If you remember, logðOddsx¼0Þ ¼b0, so b0 is the log odds of the outcome in the youngest group. In setting logistic regression, this involves trying to estimate the probability of an outcome given a patient's characteristics (covariates).

## Survival Analysis .1 Section Goals

*Introduction**Kaplan-Meier Survival Curves**Cox Proportional Hazards Models**Caveats and Conclusions*

This is consistent with the exploratory figures we created in the previous section using Kaplan-Meier curves. The biggest challenge in doing this lies mainly in the construction of the dataset, which is discussed in some references at the end of this chapter.

## Case Study and Summary .1 Section Goals

### Introduction

Assessment of the proportional hazards assumption is an important part of any Cox regression analysis. Now that we have examined the basic general characteristics of the patients, we can begin the next steps in the analysis.

### Logistic Regression Analysis

A common approach is to fit all univariate models (one covariate at a time, as we did with aline_ but separately for each covariate and without aline_fg) and perform a hypothesis test on each model. You could just cut and paste mva.full.glmcommand and remove+ cad_g, but the simpler, less error-prone way is to use update.

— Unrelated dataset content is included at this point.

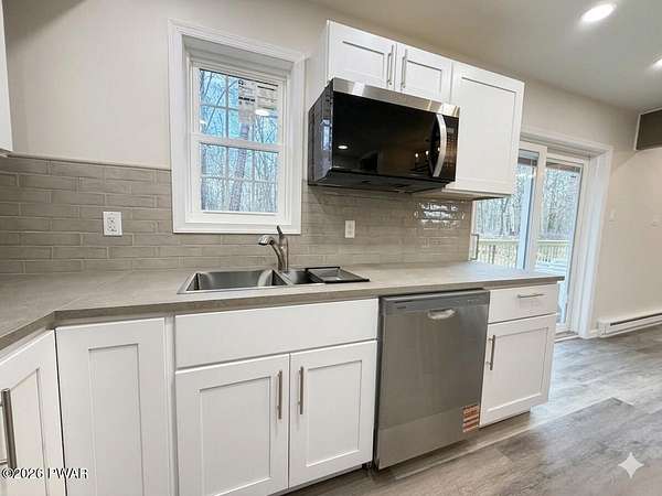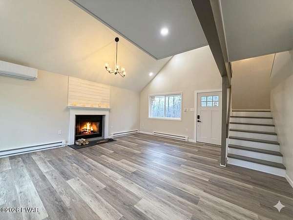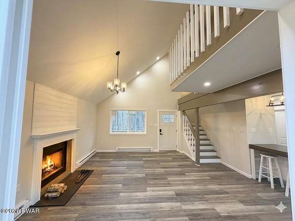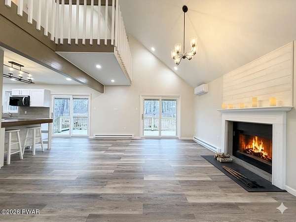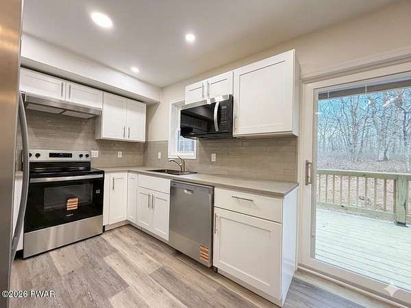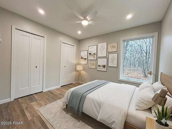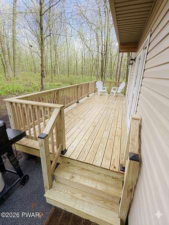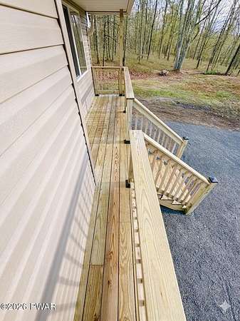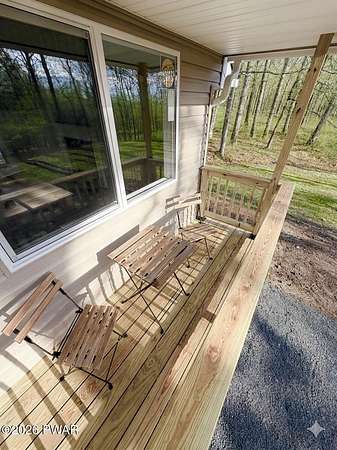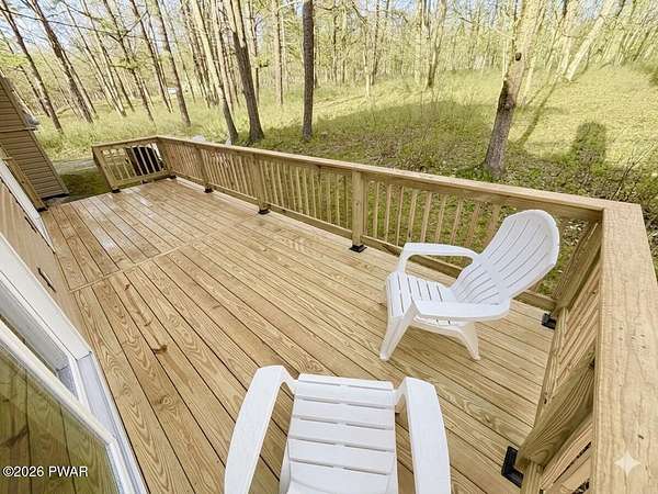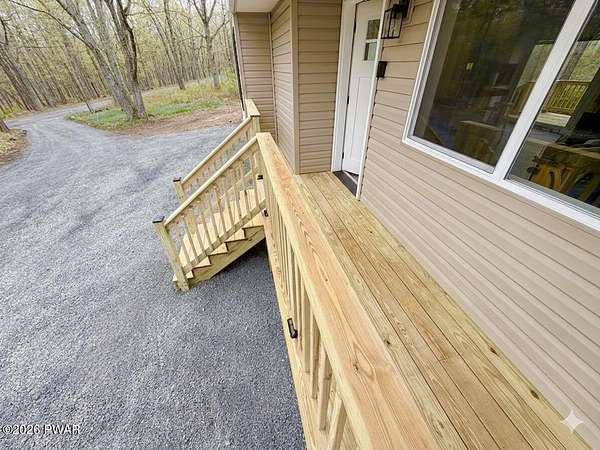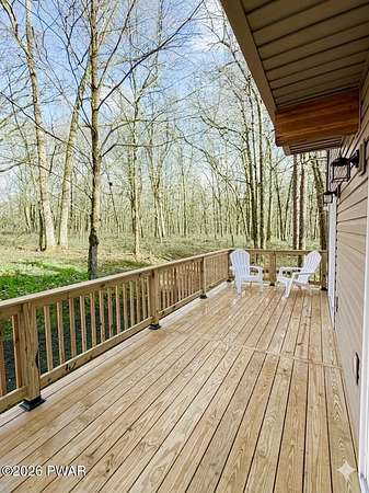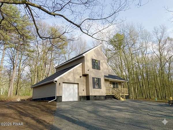 PRIVATE POCONO RETREAT ON 3.25 ACRES -- MODERN, UPGRADED, AND PACKED WITH PERKS!!! Welcome to your own slice of serenity--a beautifully renovated 3-bedroom, 1.5-bath home set on a rare 3.25-acre lot within an amenity-filled HOA, offering the perfect blend of privacy and community living.This home has been thoughtfully upgraded from top to bottom, featuring full structural improvements including a new roof, walls, windows, doors, and high-quality insulation--giving you peace of mind for years to come. Step inside to find brand new flooring throughout and a warm, inviting layout designed for everyday comfort.The fully insulated basement with thermostat-controlled heat adds valuable usable space, while major systems have all been updated, including new electrical heaters, well pump, pressure/storage tank, water filtration system, and water heater--everything is done for you.Outdoor living shines with a brand new back deck, front porch, and refreshed yard with gravel landscaping, perfect for relaxing or entertaining in your private surroundings.This home is also equipped with modern smart features, including a Blink security system with floodlight, Alexa-enabled kitchen speaker, smart code lock, and camera doorbell--bringing convenience and security together seamlessly. Plus, enjoy the added bonus of a 30-amp outlet ready for your camper or electric vehicle.Located in a highly sought-after HOA, residents enjoy access to two pools, a horse ranch, and waste/recycling services, all while being just minutes from local parks, waterfalls, and outdoor attractions.With an easy commute to New Jersey and New York and access to a highly regarded school district, this home offers the best of both worlds--privacy, modern upgrades, and unbeatable location.Don't miss your chance to own this rare Pocono gem--where comfort, convenience, and nature come together beautifully.

### Conclusion and Summary

An estimate of the expected change in outcome per one unit increase in a covariate, holding all other covariates constant. An estimate of the fold change in the probability of an outcome per unit increase in a covariate, holding all other covariates constant.

Introduction

## Part 1 — Theoretical Concepts .1 Bias and Variance

### Common Evaluation Tools

However, we will briefly mention the two most common techniques: the R2 value, used for regressions, and the receiver operating characteristic (ROC) curve, used for a binary classiﬁer (dichotomous score). High R2 values mean that a large proportion of the variance is explained by the regression model.

### Sensitivity Analysis

R2 ranges from 0 to 1, where values close to 0 reflect situations in which the model does not significantly capture the variation in the outcome of interest, and values close to 1 indicate that the model captures nearly all of the variation in the outcome of interest. interested. The principles of sensitivity analysis are: (a) to allow the researcher to quantify the uncertainty in the model, (b) to test the model of interest using a secondary experimental design, and (c) using the results of a secondary experiment. experimental design to calculate the overall sensitivity of the model of interest.

### Validation

External validation is defined as testing the model on a sample of subjects drawn from a different population than the original group. External validation is usually a more robust approach to model testing in that the maximum amount of information is used from the initial data set to derive a model and an entirely independent data set is then used to verify the suitability of the model of interest.

## Case Study: Examples of Validation and Sensitivity Analysis

*Analysis 1: Varying the Inclusion Criteria of Time to Mechanical Ventilation**Analysis 2: Changing the Caliper Level for Propensity Matching**Analysis 3: Hosmer-Lemeshow Test**Implications for a ‘ Failing ’ Model*

Changing the inclusion criteria for subjects included in the model is a common sensitivity analysis. In the favorable situation of a robust model, each sensitivity analysis and validation technique supports the model as an appropriate summary of the data.

## Conclusion

Sekhon JS (2011) Multivariate and propensity score matching software with automated balance sheet optimization: the matching package for R. Robin for R and S+ to analyze and compare ROC curves.